## Exercise
Task for the records below: please retype exactly and only the lines from the first through the one with "24-25 марта сотоялся", with every picture omitted.
---- Provided entries
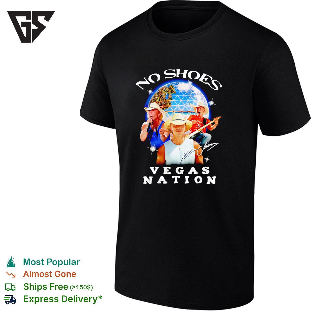 Be the first to review “Kenny Chesney Playing Music No Shoes Vegas Nation Signature Graphic T-Shirt” Cancel reply
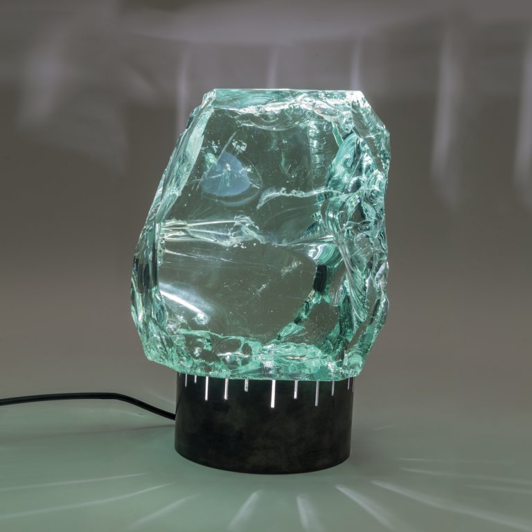 Ottone nichelato spazzolato, cristallo scalpellato.
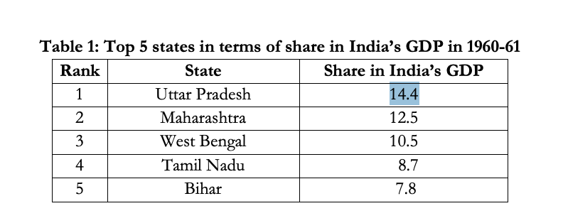 EAC-PM की मेंबर शमिका रवि का एक रिसर्च पेपर बताता है कि 1960s में यूपी का नेशनल GDP में शेयर 14.4% था, और यूपी इस कंट्री की सबसे बड़ी इकॉनमी था। लेकिन इसके बाद लगातार बाक़ी स्टेट्स आगे बढ़ते गए और यूपी पिछड़ता गया। एक के बाद एक साल आता रहा और उत्तर प्रदेश का शेयर नेशनल इकोनॉमी में कम होता रहा।
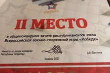 24-25 марта сотоялся Республиканский финал Всероссийской военно-спортивной игры "Победа - 2021". В состав сборной команды города Бугульмы вошел ученик 9 класса нашей школы Шаркаев Айдар. В личном первенстве Айдар стал абсолютным победителем в конкурсе "Одевание противогаза" и занял второе место в конкурсе "Челночный бег 10*10". В общекомандном зачете республиканского этапа Всероссийской военно-спортивной игры "Победа" команда заняла 2 место. Поздравляем Айдара и его руководителя - учителя ОБЖ Тихонова О.И. с высокими результатами, в дальнейшем желаем таких же ярких, уверенных и достойных выступлений!
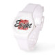 I only have one complaint. I ordered the watch with clear case and strap, and what was sent was white case and strap. I'm going to keep it because 1) it looks very nice in white, and 2) it would take too long to get a replacement made and sent in time for my occasion. Aside from the mix up with the color, the watch does look very good in white. The purple dial is actually sparkly which did not show in the online images. That was a nice surprise. If you like Swatch watches this is very similar to those. It's 33.6mm in diameter, 10.5mm thick, and 40.6mm lug to lug. Stainless steel case back says 3ATM/30m WR, so no swimming or showering or submerging this one. If you like Woodstock, this is a great choice.
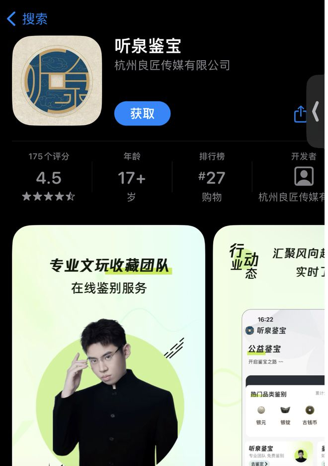 此外,听泉鉴宝还上线了app,包含了鉴别、回收、交易等功能。从版本更新情况来看,该app已上线超过3个月。
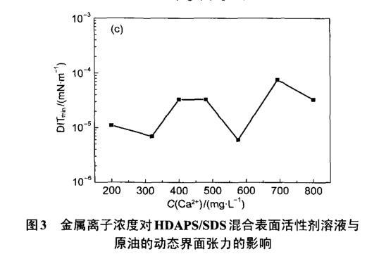 圖3金屬離子濃度對HDAPS/SDS混合表面活性劑溶液與原油的動(dòng)態(tài)界面張力的影響
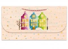 Ozdobna drewniana koperta upominkowa. Wyprodukowana na Litwie.
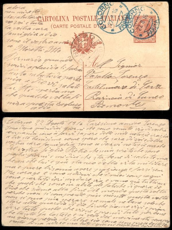 Colorno/Parma 22.8.16 (azzurro) - cartolina postale da 10 cent (C36) per Priero
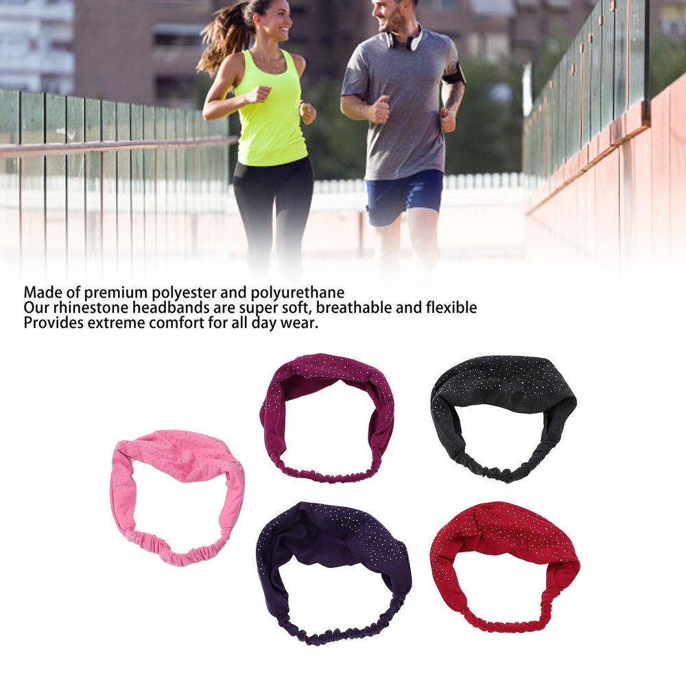 Feature: 1. Premium Material: Sport rhinestone hairbands are made of premium polyester and polyurethane, our rhinestone headbands are soft, breathable and stretchy, providing the extreme comfort for all day wear. 2. 5pcs: This set of 5 elastic rhinestone headsbands for women includes a variety of vibrant colors such as red, pink, dark purple and dark grey, which can be matched with different outfits or activities. 3. Wide Applications: Suitable for a variety of situations and activities, our women's elastic rhinestone headbands are great for shopping, yoga, running, hiking, biking, or any other sports, ensuring a snug fit and sweat wicking performance. 4. Exquisite Rhinestones: These women sport stretch headbands come with exquisite rhinestones to add a touch of sparkle to your look while securing your hair during strenuous workouts or daily outings. 5. Exquisite Gift: Our rhinestone sports headbands are beautifully stylish and add sophistication while being practical, making them an ideal gift choice for a sports loving lady or girlfriend. Specification: Item Type: Wide Bandana Headbands Material: Plastic, Rhinestones, Polyester, Polyurethane Product Flat Size: Width Approx. 17cm/ 6.69in Length Approx. 26cm /10.24in Colors: Red, Rose Red, Pink, Deep Purple, Deep Gray Package List: 5 x Headband
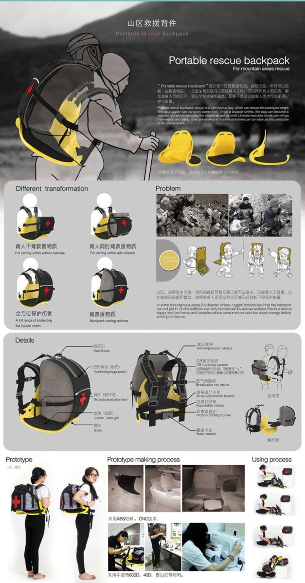 “Portable rescue backpack”设计是个轻便救援书包,减轻负重,平时可以运输一些救援物品,一旦发生情况就可以变成背人工具,可以同时背人和东西,解放救援人员的双手,更安全和快速的避难,即便不是专业救援人员也可以使用它参与救援。
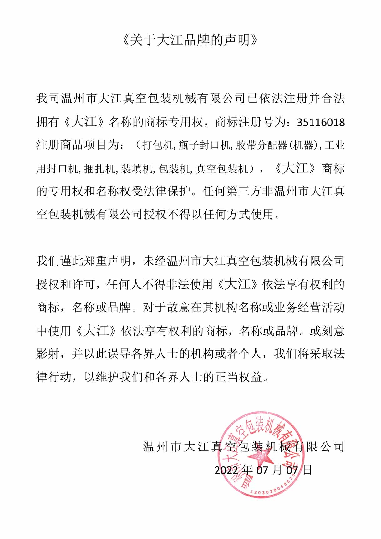 關(guān)于“大江”品牌的鄭重聲明2025-09-01
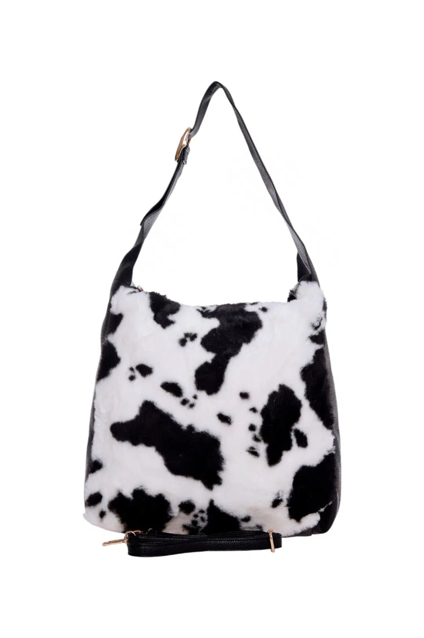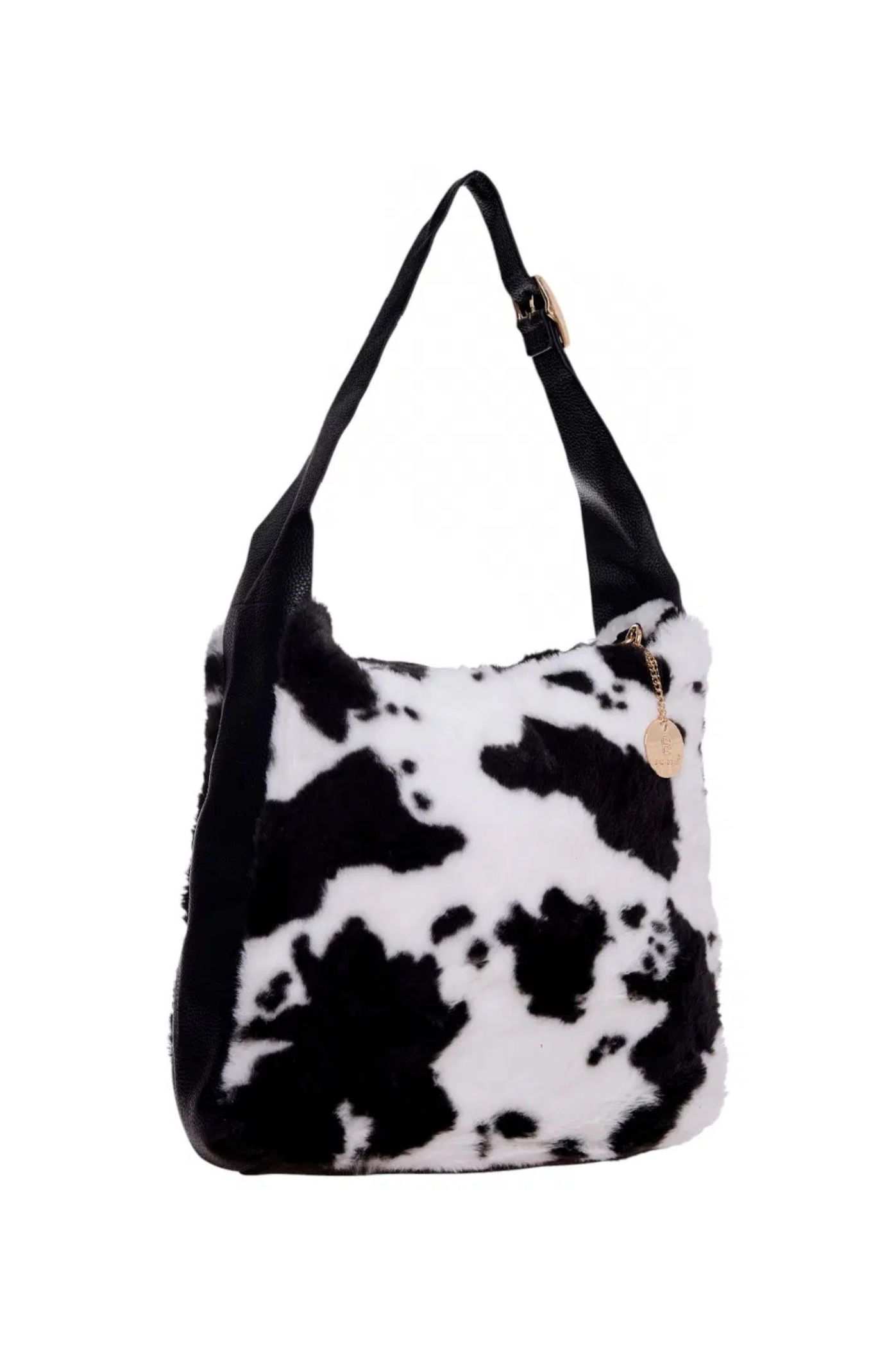 ΤΣΑΝΤΑ ΩΜΟΥ ΓΟΥΝΙΝΗ ΜΕ ΛΕΠΤΟΜΕΡΕΙΕΣ ΔΕΡΜΑΤΙΝΗΣ COW PRINT – ΜΑΥΡΟ
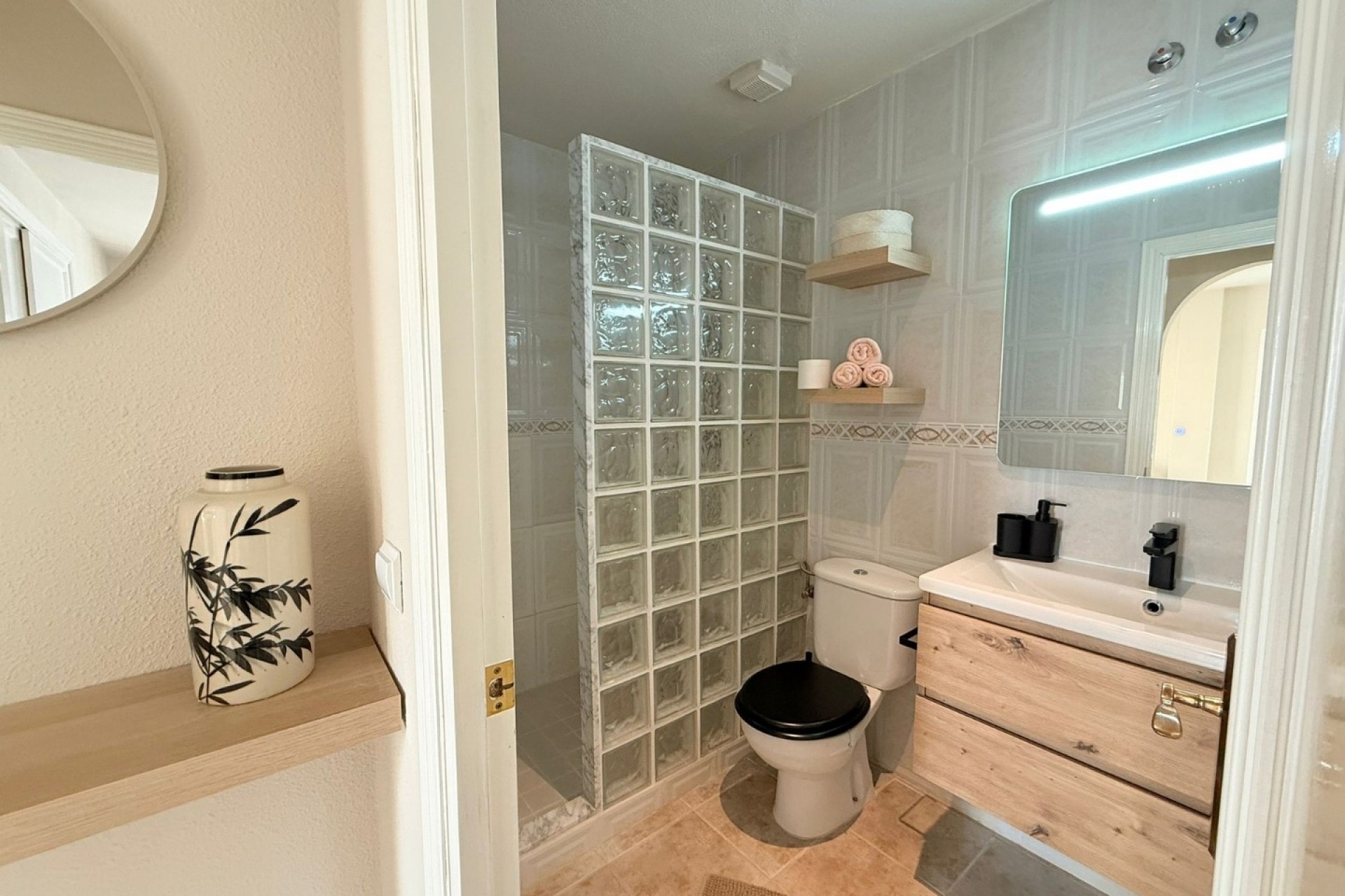 Descubra esta preciosa casa adosada «maite» renovada en Benijofar, donde se unen comodidad y flexibilidad. Esta vivienda le ofrece una distribución única con dos plantas independientes bajo un mismo techo, perfecta para quienes buscan espacio para la familia, invitados u oportunidades de inversión. Con cuatro amplios dormitorios y dos modernos cuartos de baño, disfrutará de todas las comodidades. En la planta superior encontrará una luminosa sala de estar con una amplia terraza con toldo, una cocina abierta, un dormitorio y un cuarto de baño. Se accede a la planta baja a través de una escalera exterior. Aquí encontrará una zona de estar independiente con una luminosa sala de estar con una moderna cocina abierta, 3 dormitorios y un cuarto de baño. La vivienda está completamente amueblada con muebles nuevos y elegantes y equipada con nuevas unidades de aire acondicionado para un clima interior agradable, independientemente de la estación del año.
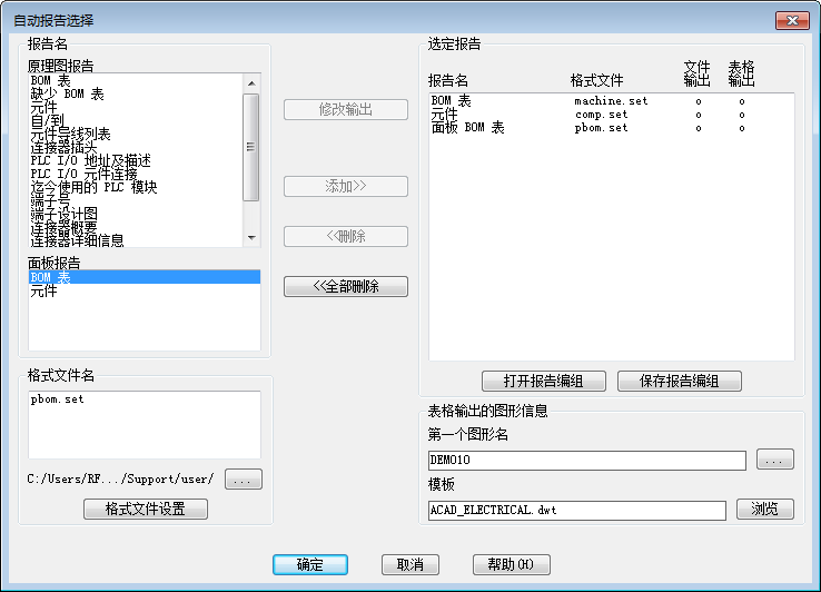 为要运行的每个报告选择报告名称和格式文件 (.set)。格式文件应定义文件输出、表格输出或这两者。
--------
## Task result
 Be the first to review “Kenny Chesney Playing Music No Shoes Vegas Nation Signature Graphic T-Shirt” Cancel reply
 Ottone nichelato spazzolato, cristallo scalpellato.
 EAC-PM की मेंबर शमिका रवि का एक रिसर्च पेपर बताता है कि 1960s में यूपी का नेशनल GDP में शेयर 14.4% था, और यूपी इस कंट्री की सबसे बड़ी इकॉनमी था। लेकिन इसके बाद लगातार बाक़ी स्टेट्स आगे बढ़ते गए और यूपी पिछड़ता गया। एक के बाद एक साल आता रहा और उत्तर प्रदेश का शेयर नेशनल इकोनॉमी में कम होता रहा।
 24-25 марта сотоялся Республиканский финал Всероссийской военно-спортивной игры "Победа - 2021". В состав сборной команды города Бугульмы вошел ученик 9 класса нашей школы Шаркаев Айдар. В личном первенстве Айдар стал абсолютным победителем в конкурсе "Одевание противогаза" и занял второе место в конкурсе "Челночный бег 10*10". В общекомандном зачете республиканского этапа Всероссийской военно-спортивной игры "Победа" команда заняла 2 место. Поздравляем Айдара и его руководителя - учителя ОБЖ Тихонова О.И. с высокими результатами, в дальнейшем желаем таких же ярких, уверенных и достойных выступлений!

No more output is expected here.